People with chronic kidney failure may also benefit from BCAA supplementation. A preliminary study found improved breathing and sleep quality in people given intravenous BCAAs during kidney dialysis.
Phenylketonuria (PKU) is a genetic disease that causes abnormally high amounts of phenylalanine and its end products to accumulate in the blood, causing damage to the nervous system. A controlled trial demonstrated that regular use of BCAAs by adolescents and young adults with PKU, improved performance on some tests of mental functioning.29 This outcome makes sense because BCAAs may compete with phenylalanine, reducing its toxic effects.
In tardive dyskinesia, phenylalanine levels have also been reported to be elevated.
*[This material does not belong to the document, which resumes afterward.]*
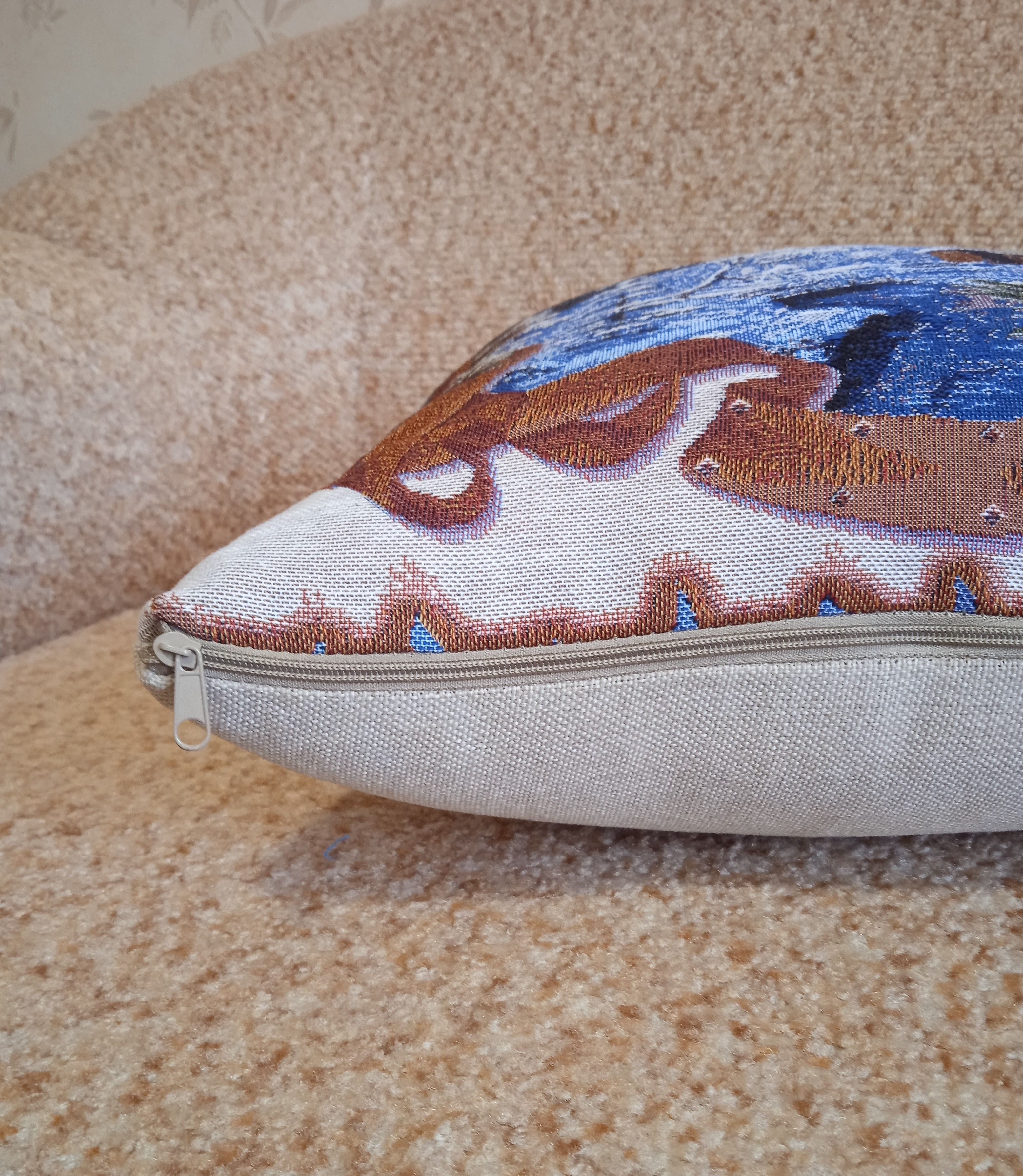 Гобеленовая наволочка для декоративной подушки. Размер наволочки: 38x38см. производство Россия. Изделие собственного производства сшито из отечественной жаккардовой ткани. Задняя часть выполнена из мебельной рогожки так же Российского производства. Все ткани используемые для производства декоративной наволочки производятся с соблюдением ТУ и ГОСТ РФ. Собственное швейное производство позволяет контролировать качество продукции на всех этапах до поступления на склад и предлагать покупателям товары высокого качества по выгодным ценам. Состав ткани 100% полиэстер. Плотность гобелена 380 г/кв.м. Наволочка подходит для подушек размером 40х40 см. Продается без подушки-наполнителя. Подушку-наполнитель так же можно купит у нас. Размер наволочки может отличаться от заявленного +/- 2 см. Допускается деликатная машинная стирка при температуре 30 градусов. Гладить при средней температуре.

As a result, one group of researchers gave tardive dyskinesia patients BCAAs (from 150 mg per 2.2 pounds body weight up to 209 mg per 2.2 pounds body weight) after breakfast and one hour before lunch and dinner for two weeks.30 The BCAA mixture included equal parts valine and isoleucine plus 33% more leucine than either of the other two amino acids. Of nine patients so treated, six had at least a 58% decrease in symptoms, and all people in the study had a decrease of at least 38% in symptoms.
Where are BCAA found?
Dairy products and red meat contain the greatest amounts of BCAAs, although they are present in all protein-containing foods. Whey protein and egg protein supplements are other sources of BCAAs. BCAA supplements
Who is likely to be deficient of BCAA?
Only a person deficient in protein would become deficient in BCAAs, because most foods that are sources of protein supply BCAAs. Few people in Western societies are protein deficient.
Side effects of BCAA?
Side effects have not been reported with the use of BCAAs. Until more research is conducted, people with ALS should avoid taking supplemental BCAAs. In one study, supplementation with a large amount of BCAAs (60 grams) caused alterations in the blood levels of tryptophan, phenylalanine, and tyrosine. The changes in the blood levels of these amino acids could, in theory, cause depression in susceptible individuals. Until more is known, individuals with a history of depression should consult a doctor before supplementing with BCAAs. People with kidney or liver disease should not consume high amounts of amino acids without consulting their doctor.